Can contactless save content?

By Dave Birch posted Feb 19 2009 at 8:15 AM

[Dave Birch] I've always been interested in the potential for micropayments and the idea of a metaphorical "red button" on a keyboard that means "pay the owner of the web page I'm looking at 10 pence" or something similar. There are many times when I've come across an interesting or useful blog post, link to a magazine article or something and I would have happily paid a small amount for more detail, more links, more references. I certainly can't be bothered to type in usernames and passwords, credit card details or to take out subscriptions though. So I have the sense -- despite all of the reservations about micropayments, which I understand fully -- that there is a market out there and a synergistic link between an effective low-value online payment system and a vigorous and innovative sort-of-content but also sort-of-relationship set of businesses on top of it.

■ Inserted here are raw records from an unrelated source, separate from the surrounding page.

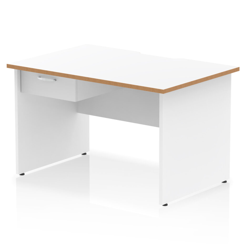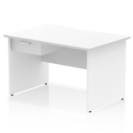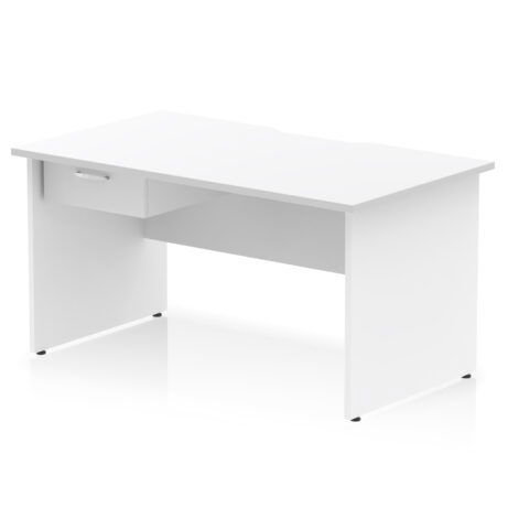 The Impulse Scalloped Edge Panel End Straight Desk Frame With Single One Drawer Fixed Pedestal is a practical, value-driven desking solution designed for busy offices. It combines a robust frame with built-in storage, making it ideal for teams and individual workspaces within Desking environments and broader office layouts, including Individual Desks & Workstations setups.
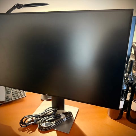 Dell U2515H skærm med 25" skærmstørrelse i sort kabinet. Skærmen er monteret på en højdejusterbar fod med rektangulær base. God kvalitet skærm, max 2560x1440 60hz. Virker perfekt.
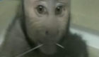 小猴用牙线剔牙 左右纯熟拉扯网友称奇
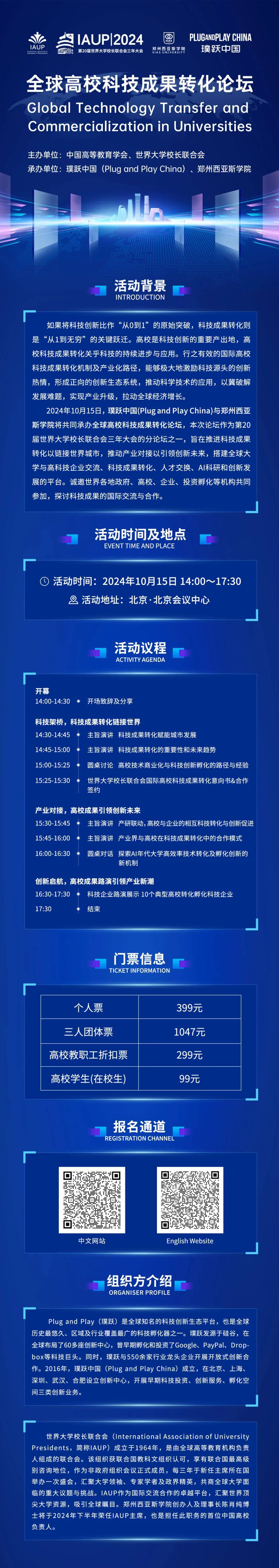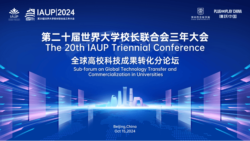 2024年10月15日,璞跃中国(PlugandPlayChina)与郑州西亚斯学院将共同承办全球高校科技成果转化论坛,本次论坛作为第20届世界大学校长联合会三年大会的分论坛之一,旨在推进科技成果转化以链接世界城市,推动产业对接以引领创新未来,搭建全球大学与高科技企业交流、科技成果转化、人才交换、AI科研和创新发展的平台。
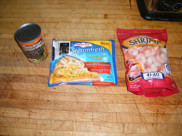 1) $2 ojo de los pájaros congelados arroz para ser más exactos. Es cocinados en el microondas y la bolsa de los soplos para arriba como una bolsa de palomitas de maíz, sin los estallidos. Este material es dulce. He usado estilo suroeste porque tiene maíz y zanahorias y tal.
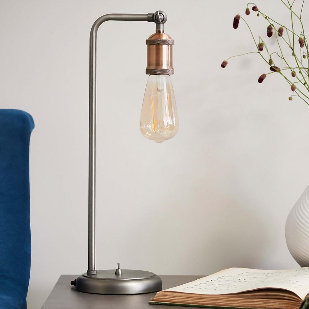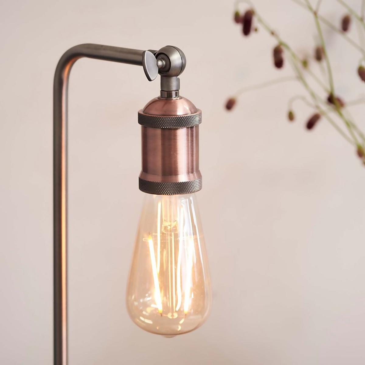 An industrial styled table light, finished in aged pewter and aged copper, making it bang up to date with on-trend 'resto' styling. Adjustable knuckles and knurled lamp holders complete the authentic look. Perfect when paired with filament LED lamps and easily controlled by a simple on/off base switch.

This view has been a minority view for some time, because the advertising-supported model came to dominate the content space. Yet, as I said last year, that model is not obviously the best solution, nor is it an immutable law of the web:

Therefore, while it is true to say that there is little demand for new micropayment mechanisms to support paid content at this time, I would not rule out a resurgence of interest in more sophisticated micropayment schemes in the future.

[From Digital Money Forum: Microebb and microflows]

While watching Jon Stewart's Daily Show the other night, my interest was re-kindled by his interview with Walter Isaacson of the Aspen Institute. Many years ago I used to be one of the lecturers/facilitators for the European branch of that august body, the then Nortel Aspen Institute, so he caught my ear (so to speak) when he started talking about paid content, journalism and the future of news. A quick google revealed that he'd actually written a story about this for Time magazine, in which he referred to the odd paradox of content that has been noted here before.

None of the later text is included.